Nobody gets round sampling theory, not even the Spanish Inquisition. If you take 10 different samples of problem-solving you can be fairly sure that this intellectual decathlon will reveal the best mental athletes. If you separate those 10 subtests into 5 Verbal versus 5 Non-verbal performance skills, you get 3 summary scores: Full scale IQ based on 10, and Verbal IQ and Performance IQ based on 5 each. This is the structure which reigned supreme from 1955 till about 2008, when a four factor structure was launched: Verbal Comprehension Index (Similarities, Vocabulary, Information); Perceptual Reasoning Index (Block Design, Matrix Reasoning, Visual Puzzles); Working Memory Index (Digit Span, Arithmetic); and Processing Speed Index (Symbol Search, Coding).

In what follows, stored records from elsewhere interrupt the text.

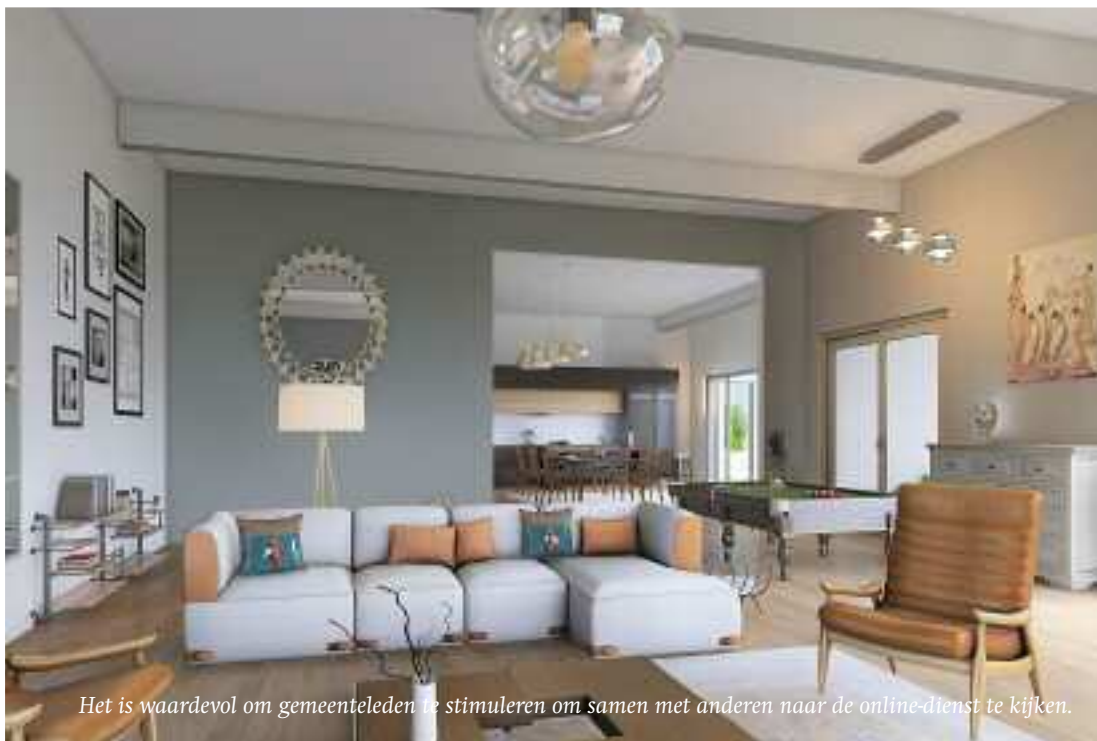
Het is waardevol om gemeenteleden te stimuleren om samen met anderen naar de online-dienst te kijken.

Juist in dit komende seizoen waarbij zekerheden ons uit handen geslagen worden, komt het aan op hoopvol leven in vertrouwen. Gedragen door de belofte, 'door die hoop worden wij gered' (Romeinen 8:24).
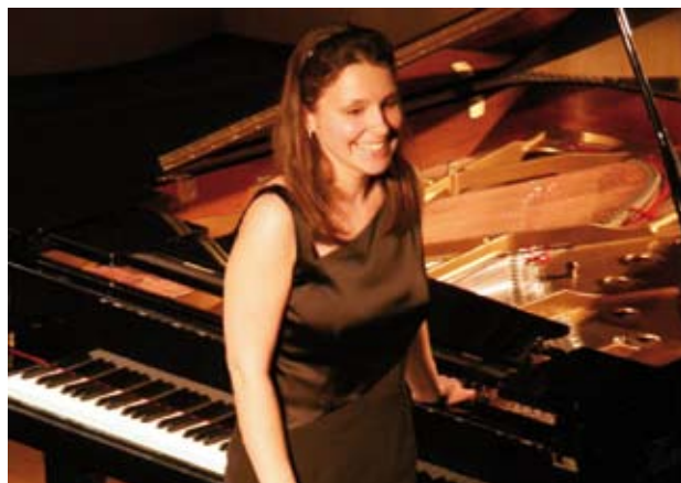
Alcune immagini scattate durante la Rassegna 2007/2008
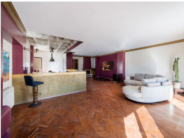
Vista alternativa al salón
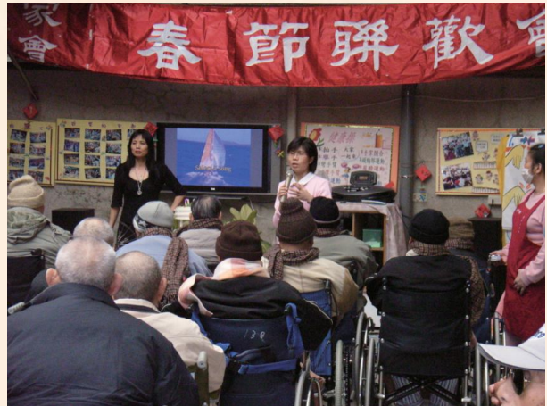
▲榮家舉辦春節聯歡。

費安養。花蓮榮民自費安養中心自92年3月16日起收容安置，白河榮家自92年4月1日起，佳里、台南及太平等3所榮家，自93年11月1日起收容安置。
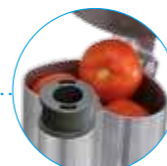
Большая воронка Крупные овощи

R 752 Воронки для фруктов и овощей любых размеров
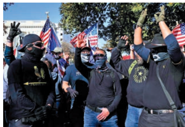
▲支持特朗普的極右團體「驕傲男孩」14日在最高法院前示威

分析指，格雷厄姆「撐持」的舉動反映出共和黨大佬在明年1月佐治亞州參議院最後兩席的結果出爐前，仍需要特朗普「助選」，共和黨無法接受白宮、參眾兩院三輪的結果。參議院共和黨領袖麥康奈爾17日暗示，特朗普的法律訴訟不能再拖，「我們將有序地從這屆政府過渡到下
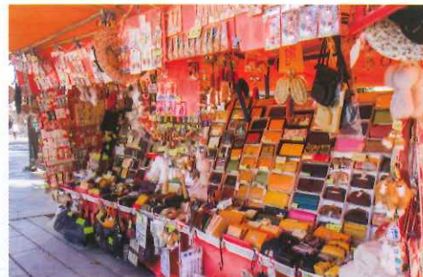
入口處不時有本地居民擺攤，販賣各種紀念品。
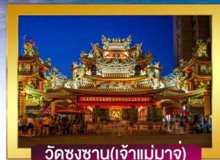
วัดชงชาน(เจ้าแม่มาจู่)
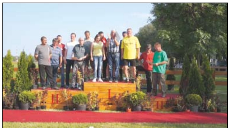
A kispályás focikupa helyezettei
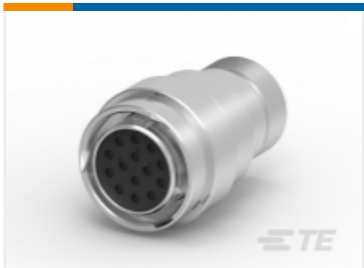
TE 产品编号HD36-18-14SN-072 PLG, 14P, AL, N, THD ADPT, DRAIN, 16, S
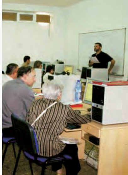
► Un momento del curso.

Desde hace varios años la Confederación de Cáritas Española ha impulsado la puesta en marcha de la herramienta SICCE (Sistema de Información Confederal de Cáritas Española) para articular coherentemente toda la información sobre la situación de las personas y las intervenciones sociales que se desarrollan en nuestras Cáritas: acogida, diagnósticos, ayudas monetarias o en especie, gestiones jurídicas, alojamientos, talleres, ofertas de empleo, ... El objetivo de esta herramienta de trabajo es responder a las necesidades de trabajo cotidiano de intervención social y de información de la organización de forma integral, integrada e integradora, utilizando de manera más eficaz los recursos con los que cuenta la Confederación acorde con las nuevas tecnologías. Cáritas Diocesana está implantando esta herramienta en nuestras Cáritas parroquiales e interparroquiales. Hasta junio de 2010 se han realizando varios cursos de formación a voluntarios y contratados para capacitarlos en el manejo de este sistema: Elche, Calpe, San Vicente del Raspeig, Alicante, Villena y Elda. Esperamos que a finales de año todas las Cáritas de la diócesis conozcan la herramienta y su aplicación en la intervención social.
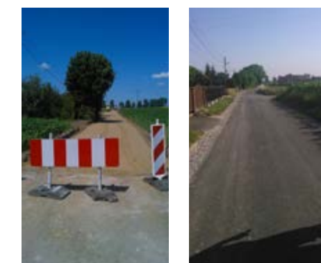
Fot. Etapy prac remontowych drogi: Grzęska Plebanka – ul. Korczaka.

wspólnej z Miastem Przeworsk drogi: Grzęska Plebanka – ul. Korczaka . Staraniem Wójta i Burmistrza remont przeprowadziło i sfinansowało Polskie Górnictwo Naftowe i Gazownictwo w ramach rekompensaty za szkody powstałe na przedmiotowej drodze w wyniku jej użytkowania podczas prowadzonych prac wiertniczych na tym terenie. Nowa nawierzchnia bitumiczna wykonana została na ok. 1300 m tej drogi . Część drogi o istniejącej nawierzchni bitumicznej zyskała nową nakładkę, na pozostałej wykonano od podstaw konstrukcję drogi i nawierzchnię bitumiczną. Wykonawcą prac było Miejskie Przedsiębiorstwo Dróg i Mostów w Rzeszowie.

Did you see what they did there? The same 10 subtests now produce 6 summary scores for psychologists to play with. These were the 4 factor scores described above, a Full Scale score, and a General Ability Index comprised of the verbal comprehension and perceptual reasoning factors added together.

The official explanation for trashing 53 years of comparative data was that many publications suggested that the 4 factor solution was better than the old verbal-performance distinction.

The unofficial explanation given to me by those more closely involved with the process is that a 3 or 4 factor solution depended on which of the supplementary subtests was included (there are 5 of them, but I have ignored them in the hope you will keep reading) but that a new structure was a marketing ploy which had the commercial benefit of forcing practising psychologists to buy the new test, minimum cost £1,306,  £125 extra for 25 test score forms.

Seen from a sampling theory point of view, whereas formerly the verbal and performance factors were based on 5 subtests, the new factors were based on 2 or 3 subtests. There is no way round the fact that the sampling of ability per factor is inadequate. Psychologists have had a field day, generating factor scores which then show discrepancies with other factor scores, thus revealing syndromes of learning disorders, and a menagerie of specific deficits which require remediation through extensive training. Writing a psychometric report is now easier (in fact, there is software which will write it for you) because there appears to be so much more to talk about, still based on 10 tests. Since psychologists, like everyone else, tend to laziness, they often give only 7 or 8 of the required 10 subtests, pro-rate the results, and then have even more to talk about, at even lower levels of reliability.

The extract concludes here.